The details of one or more examples are set forth in the accompanying drawings and the description below. Other features, objects, and advantages will be apparent from the description, drawings, and claims.
3D motion estimation is a fundamental challenge in computer vision with important real-world applications. For example, in autonomous vehicles, accurately predicting the future 3D movements of other objects is important for safe navigation. 3D scene flow estimation aims to determine the motion trajectories of individual points in a scene across multiple frames, essentially predicting their paths over time. 3D scene flow estimation is a challenging task due to various factors like, but not limited to: occlusion, lack of texture/features, and complexity of real-world scenes. Occlusion occurs when parts of objects are being hidden from view. Some surfaces may not have enough distinctive markings for accurate tracking. Dynamic environments with numerous moving objects may add difficulty.
Multi-modality methods combine LiDAR and images to leverage their complementary strengths. Multi-modality methods aim to achieve more robust and accurate scene flow estimation. However, existing multi-modality methods focus on low level matching without semantic understanding. In general, existing multi-modality methods rely on matching individual points or patches without understanding their semantic meaning (e.g., “car,” “pedestrian,” etc.). Focusing on low-level matching may lead to errors in complex scenes with occlusions, similar appearances, or objects moving independently. Lack of semantic context may miss higher-level relationships between objects and their movements. Context could help resolve ambiguities and improve correspondence estimation
In an aspect, 2D image semantic segmentation models may be used to analyze the input images and generate dense semantic labels. The dense semantic labels may provide information about the objects and surfaces present in the scene. Semantic context may be transferred from the labeled 2D images to the 3D point cloud representation of the scene. Such transfer enriches the point cloud data with semantic information.
By incorporating semantic context, the techniques described in this disclosure may improve scene flow estimation accuracy in several ways. Semantic information may help distinguish between different objects and surfaces, leading to more accurate matching and flow prediction. The disclosed techniques may leverage the knowledge of object dynamics and interactions to better understand the scene motion.
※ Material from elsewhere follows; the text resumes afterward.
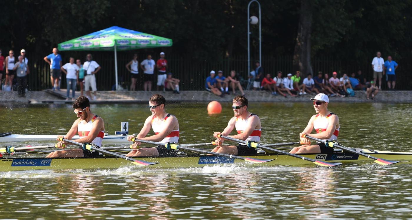 Der Männer-Vierer ging das Rennen beherzt an und fuhr zu Beginn an dritter Position im Feld. Dann kamen allerdings Litauen und Serbien auf und fuhren an Deutschlandvorbei. An der Spitze entwickelte sich ein Kampf zwischen Australien und Großbritannien, den Australien in einer neuen U23-Weltbestzeit von 5:44,28 Minuten für sich entschied. Auch der Serbien als Dritter unterbot die alte Weltbestzeit. Trainer Ralf Bockelmann sagte nach dem Rennen: „Die junge Crew aus drei 19 und einem 21- Jährigem ist konstant gefahren. Ich habe drei gute Rennen gesehen. Vielleicht hatte sie nicht ganz die Lockerheit von gestern. Im anderen Lauf wären wir mit dieser Zeit Dritter geworden.“

Semantic guidance makes scene flow estimation more robust to occlusions, noise, and other challenges.
Sparse point clouds often lack sufficient context for accurate flow prediction. Image-based semantic segmentation, however, may analyze a wider area and capture broader contextual information about the scene. This larger “receptive field” allows the disclosed machine learning system to understand the relationships between different objects and surfaces, which may be important for estimating their motion accurately. By appending semantic labels to raw points, the machine learning system may gain additional guidance for scene flow estimation. The semantic labels tell the model what each point belongs to (e.g., car, pedestrian, road) and point's potential motion patterns. Such information may facilitate more accurate matching and flow prediction, especially for intricate scenes with overlapping objects.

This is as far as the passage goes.